RECORDS FOR THE TASK –
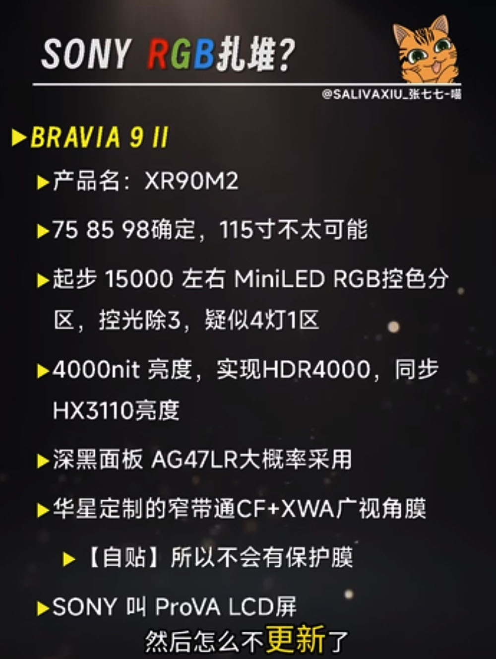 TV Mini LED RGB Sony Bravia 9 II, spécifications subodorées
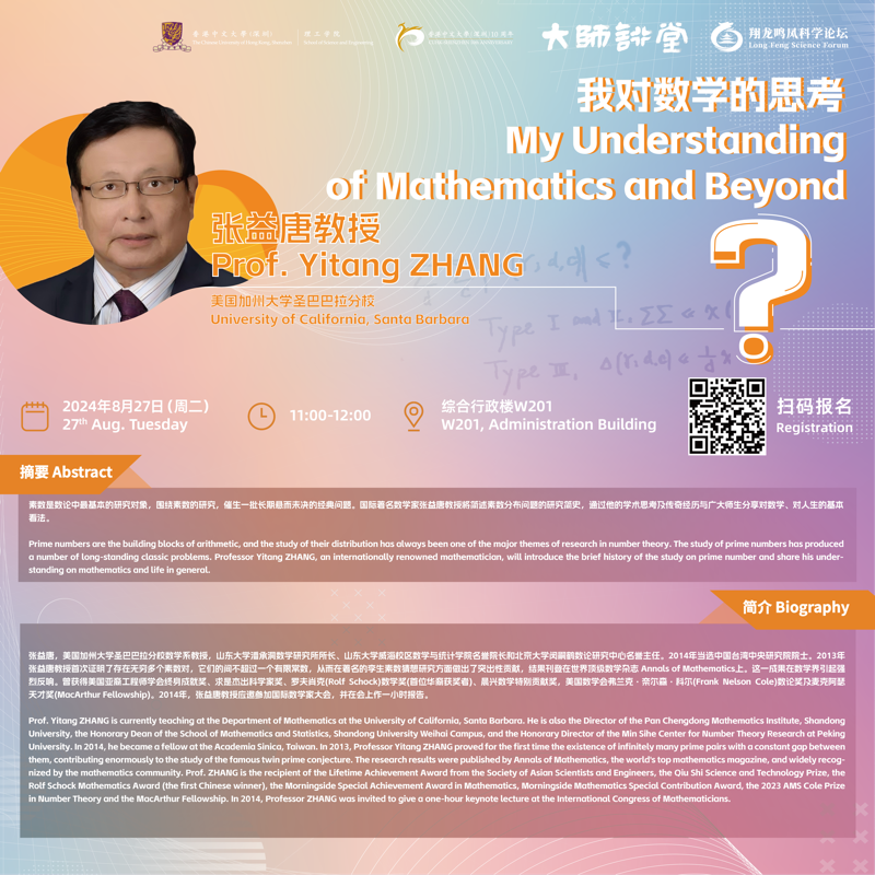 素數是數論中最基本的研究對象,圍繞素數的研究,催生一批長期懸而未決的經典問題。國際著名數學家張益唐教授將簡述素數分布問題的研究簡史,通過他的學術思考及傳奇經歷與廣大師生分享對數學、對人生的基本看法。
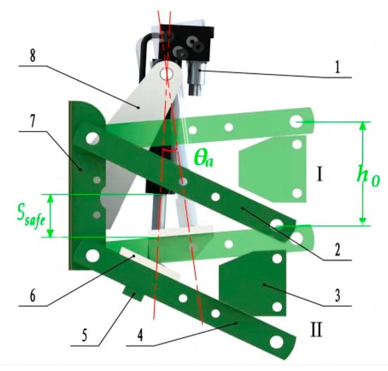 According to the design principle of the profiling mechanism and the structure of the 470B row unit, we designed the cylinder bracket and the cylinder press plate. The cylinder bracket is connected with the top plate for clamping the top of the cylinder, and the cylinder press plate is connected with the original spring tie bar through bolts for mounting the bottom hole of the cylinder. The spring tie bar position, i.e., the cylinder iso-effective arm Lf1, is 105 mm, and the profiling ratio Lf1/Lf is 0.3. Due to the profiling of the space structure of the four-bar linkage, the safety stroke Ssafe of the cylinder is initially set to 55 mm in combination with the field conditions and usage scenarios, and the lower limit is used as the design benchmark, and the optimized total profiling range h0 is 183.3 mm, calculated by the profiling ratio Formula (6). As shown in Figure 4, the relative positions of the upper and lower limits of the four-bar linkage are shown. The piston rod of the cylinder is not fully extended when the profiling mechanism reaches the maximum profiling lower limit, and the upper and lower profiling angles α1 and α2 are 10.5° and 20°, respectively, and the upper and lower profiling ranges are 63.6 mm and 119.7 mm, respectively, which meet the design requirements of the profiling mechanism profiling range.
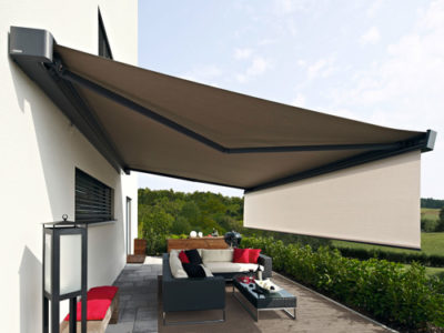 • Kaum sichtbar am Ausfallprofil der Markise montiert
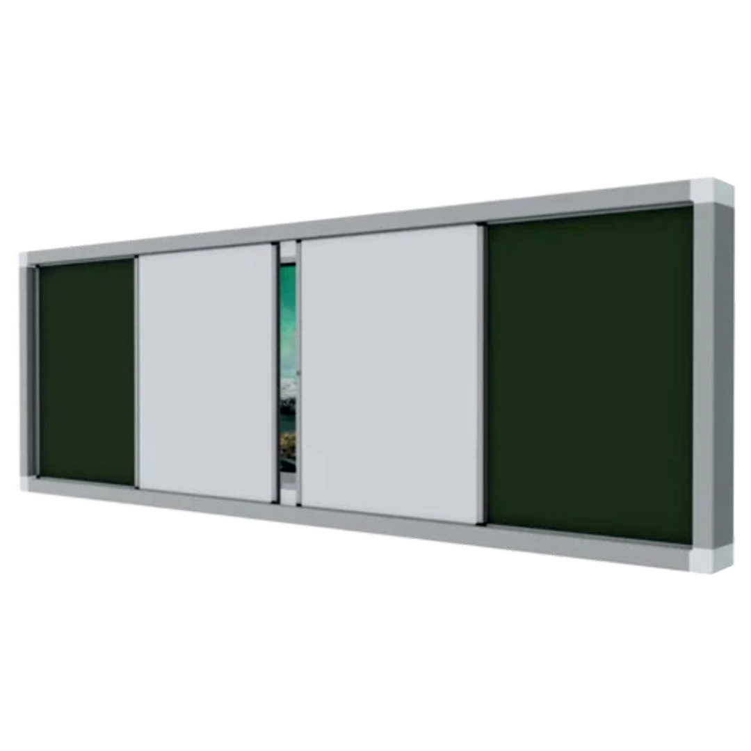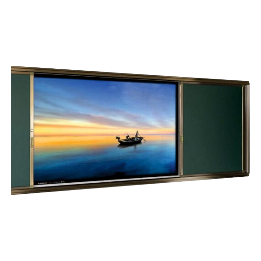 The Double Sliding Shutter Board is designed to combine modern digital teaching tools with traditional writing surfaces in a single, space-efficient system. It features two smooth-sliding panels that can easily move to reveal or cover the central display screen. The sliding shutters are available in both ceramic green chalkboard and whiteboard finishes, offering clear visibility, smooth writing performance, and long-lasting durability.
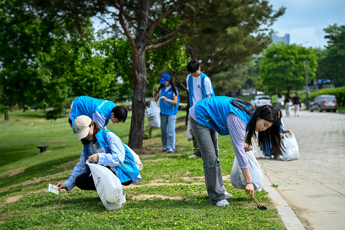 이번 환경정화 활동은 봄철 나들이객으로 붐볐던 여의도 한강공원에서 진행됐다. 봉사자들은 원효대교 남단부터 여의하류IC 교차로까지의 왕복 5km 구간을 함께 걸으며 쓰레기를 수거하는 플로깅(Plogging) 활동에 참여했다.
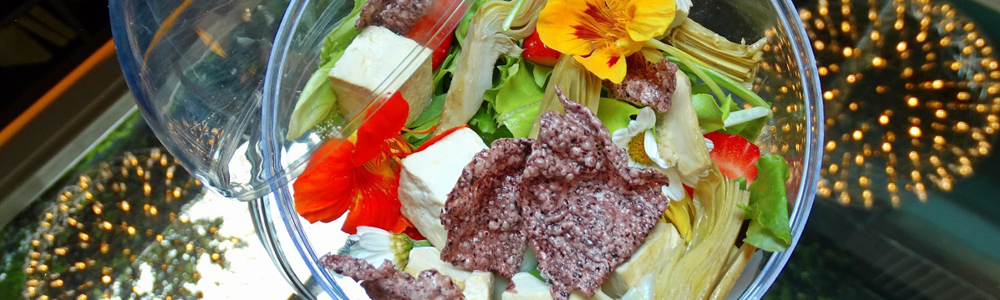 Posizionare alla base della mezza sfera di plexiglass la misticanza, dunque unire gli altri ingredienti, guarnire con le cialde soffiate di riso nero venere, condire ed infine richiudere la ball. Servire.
==
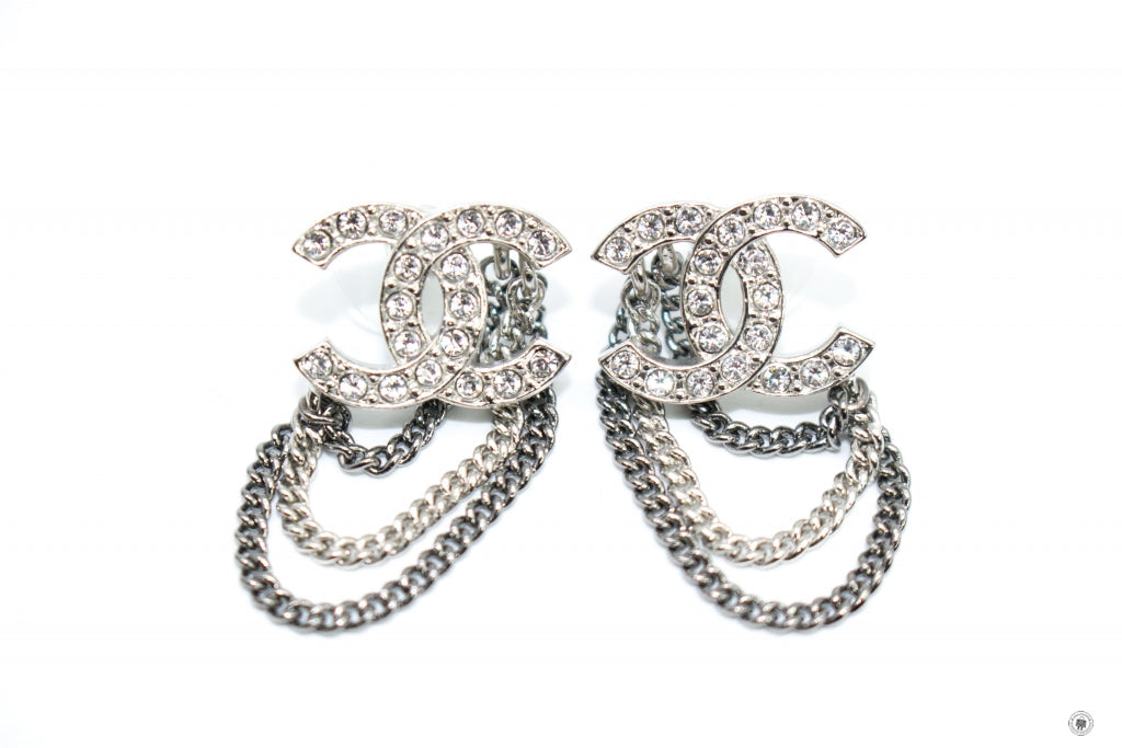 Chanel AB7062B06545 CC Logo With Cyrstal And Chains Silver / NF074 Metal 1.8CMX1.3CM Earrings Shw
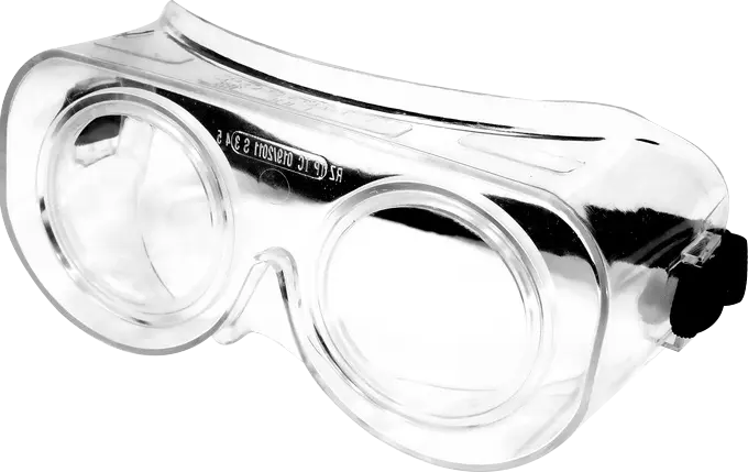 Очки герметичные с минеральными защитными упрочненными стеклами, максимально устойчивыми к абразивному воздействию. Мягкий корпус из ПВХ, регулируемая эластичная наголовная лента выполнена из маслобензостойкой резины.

EXERCISE – In the entries above, find the line that contains "der Markise montiert" and the line that contains "Posizionare alla base". Reproduce exactly those two lines and every line between them, but not the pictures.

SOLUTION TO THE PROBLEM –
 • Kaum sichtbar am Ausfallprofil der Markise montiert
 The Double Sliding Shutter Board is designed to combine modern digital teaching tools with traditional writing surfaces in a single, space-efficient system. It features two smooth-sliding panels that can easily move to reveal or cover the central display screen. The sliding shutters are available in both ceramic green chalkboard and whiteboard finishes, offering clear visibility, smooth writing performance, and long-lasting durability.
 이번 환경정화 활동은 봄철 나들이객으로 붐볐던 여의도 한강공원에서 진행됐다. 봉사자들은 원효대교 남단부터 여의하류IC 교차로까지의 왕복 5km 구간을 함께 걸으며 쓰레기를 수거하는 플로깅(Plogging) 활동에 참여했다.
 Posizionare alla base della mezza sfera di plexiglass la misticanza, dunque unire gli altri ingredienti, guarnire con le cialde soffiate di riso nero venere, condire ed infine richiudere la ball. Servire.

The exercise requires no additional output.